- Exercise: Give again, word for word, the line holding "GRENADE. General View" and every line after it through the end of the data below. Omit pictures.

- Material provided:
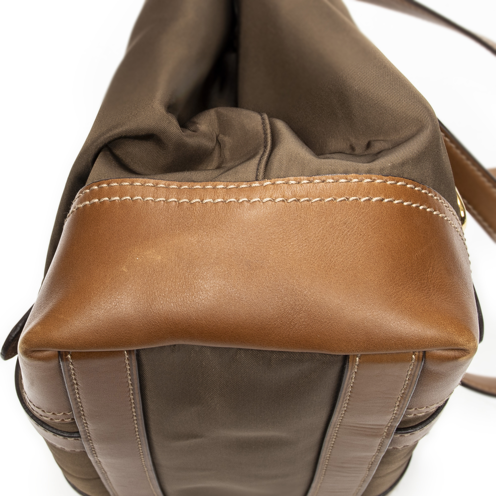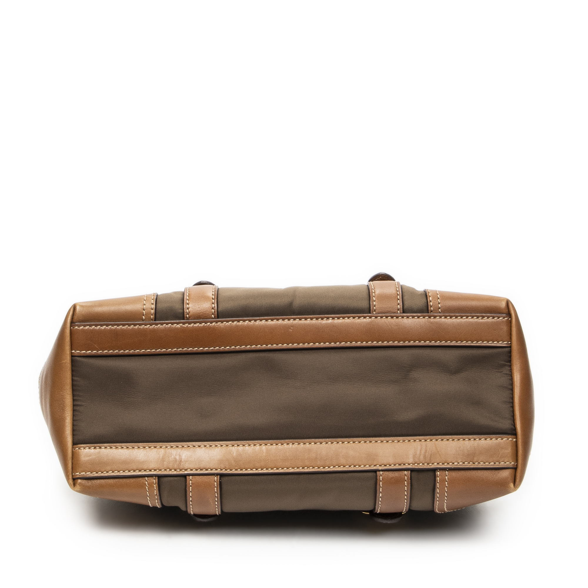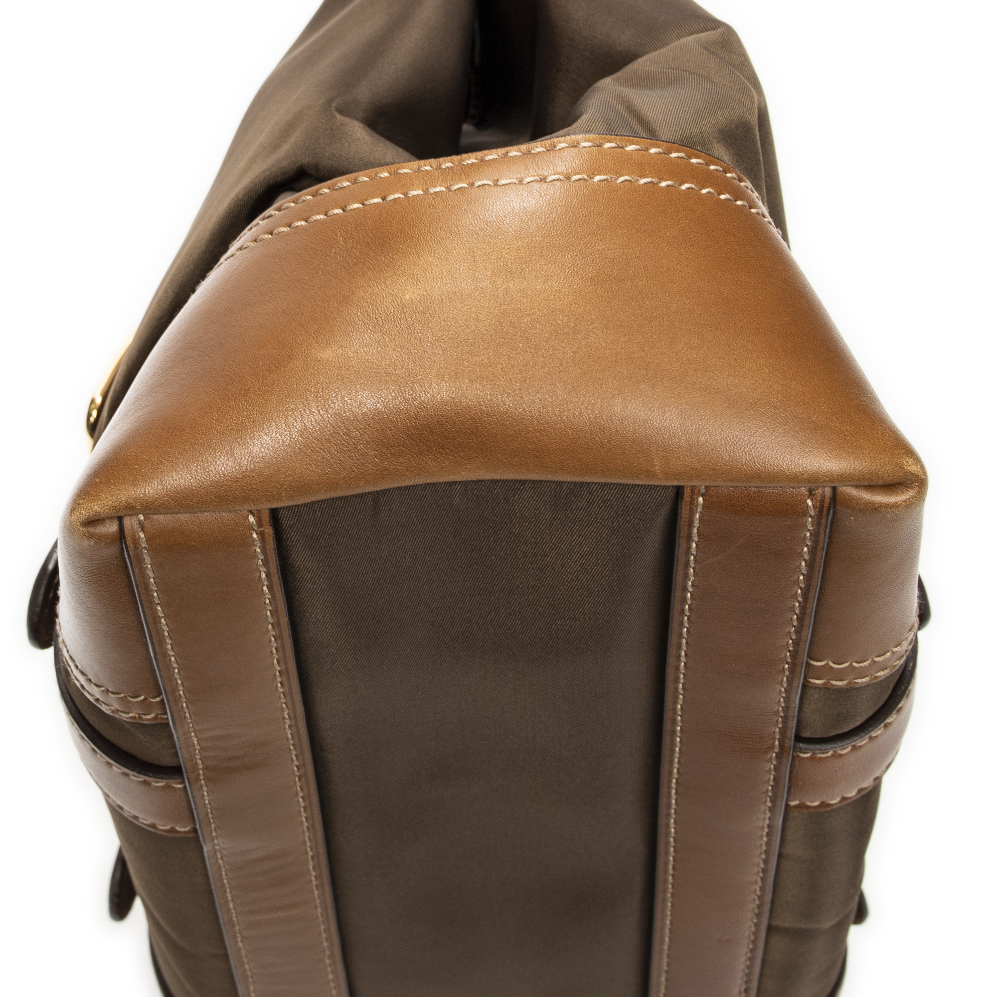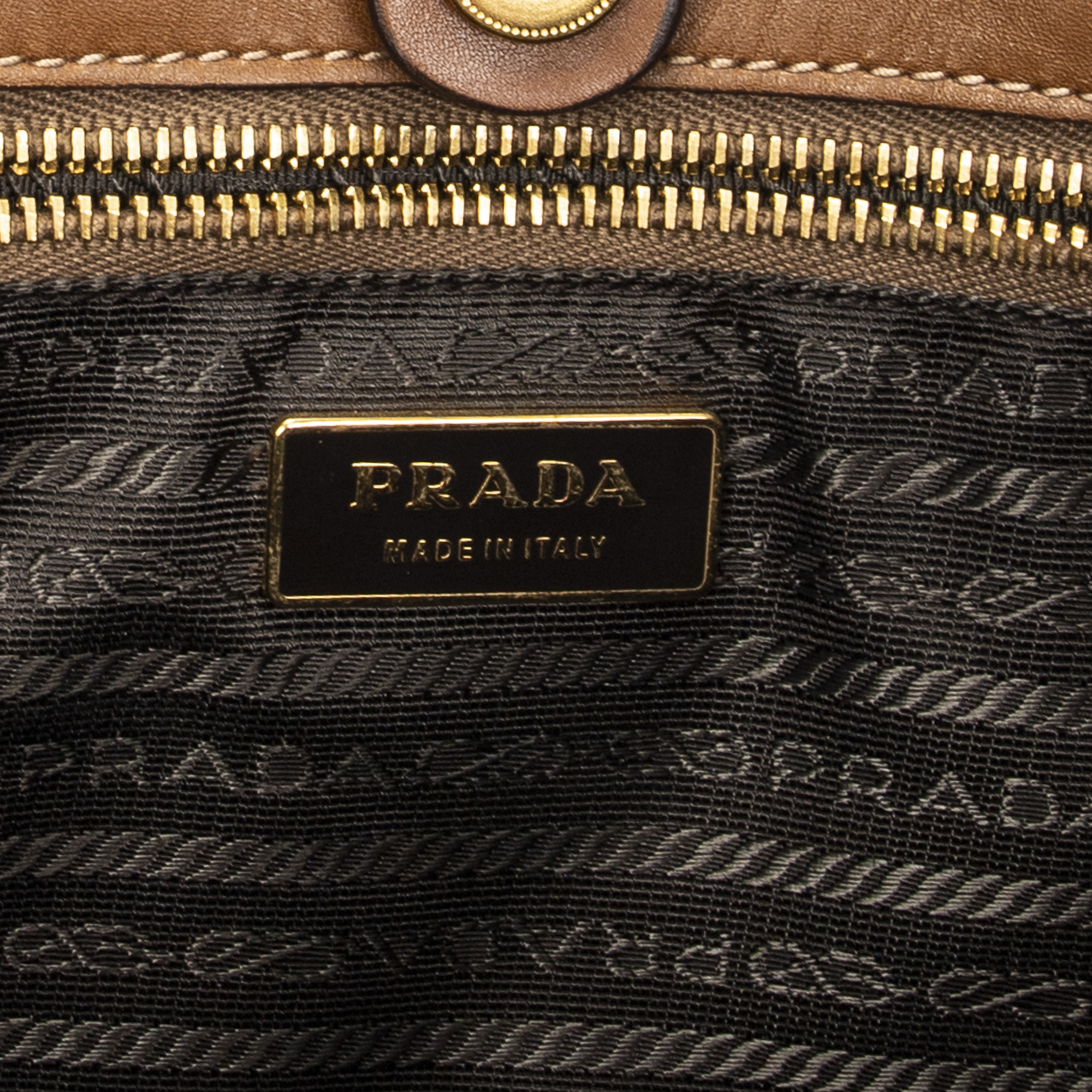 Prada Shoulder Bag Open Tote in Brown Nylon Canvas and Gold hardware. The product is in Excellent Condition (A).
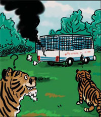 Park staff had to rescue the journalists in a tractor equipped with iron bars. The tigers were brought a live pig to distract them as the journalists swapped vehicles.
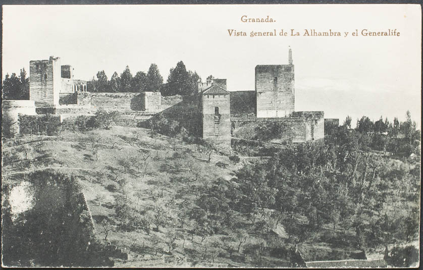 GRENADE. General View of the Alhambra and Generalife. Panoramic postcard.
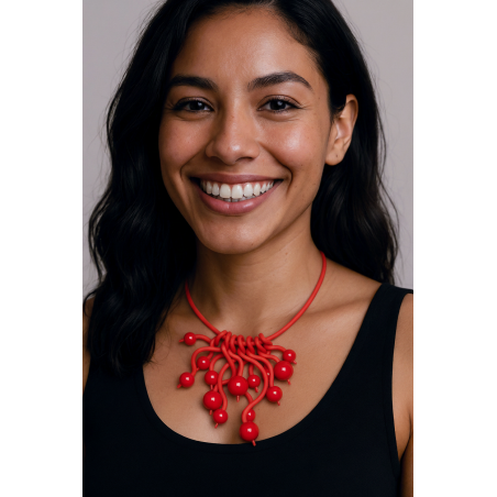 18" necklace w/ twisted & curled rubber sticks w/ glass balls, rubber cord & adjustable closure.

- Result of the exercise:
 GRENADE. General View of the Alhambra and Generalife. Panoramic postcard.
 18" necklace w/ twisted & curled rubber sticks w/ glass balls, rubber cord & adjustable closure.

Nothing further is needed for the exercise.